The 2011-12 season was Bollig’s first in the NHL, and it perhaps could best be described as a “quiet disaster.” The former part of the description comes primarily from the fact that Bollig’s lack of ice time when he did make it into the lineup was very limited (six minutes per game). The second part, however, is a direct reference to the burly winger’s atrocious play in those six minutes per game; Bollig was too slow to be a consistent physical presence, had zero utility on the offensive end and didn’t seem to understand his defensive responsibilities as a winger.
2012-13 did not transpire any better. Bollig played in a higher percentage of Chicago’s games, but that is attributable to Joel Quenneville being a fan of his more than anything else. His impact while on the ice was still decidedly negative, and scores of Blackhawks fans were calling for him to be a permanent healthy scratch.
The ensuing summer, however, saw Bollig take a great leap forward.

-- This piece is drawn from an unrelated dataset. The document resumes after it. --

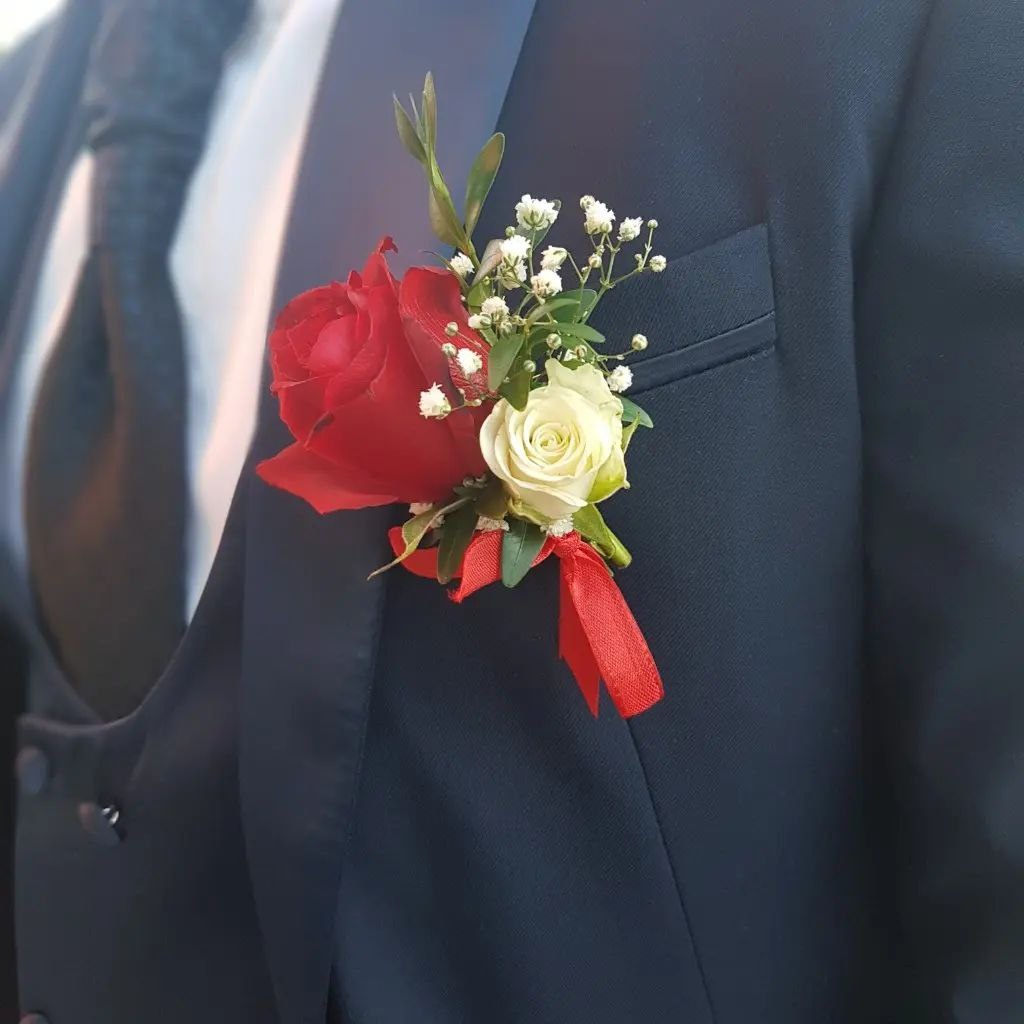 Королевский акцент для жениха: бутоньерка из алой розы и нежной гипсофилы
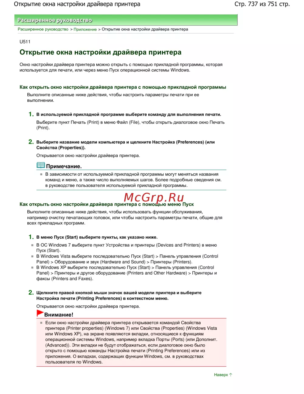 - Стр 737 из 751 стр открытие окна настройки драйвера принтера p.737

Parsing together various stories, it seems as if Bollig took it upon himself to become a legitimate NHL-level contributor during the offseason and adjusted his practice habits as such. That is to say, he worked intensively on his puck handling, skating and positioning to protect the puck on the boards. My best guess would be that Bollig was a film rat over the summer as well — his improvement in both offensive and defensive zone positioning has been perhaps more striking than anything else.
Chicago now has yet another quality player on their hands. Bollig deserves props for making the commitment he has, and the organization deserves some as well for their patience. Many wanted him gone during past seasons — myself included — but he has proven us unmistakably wrong.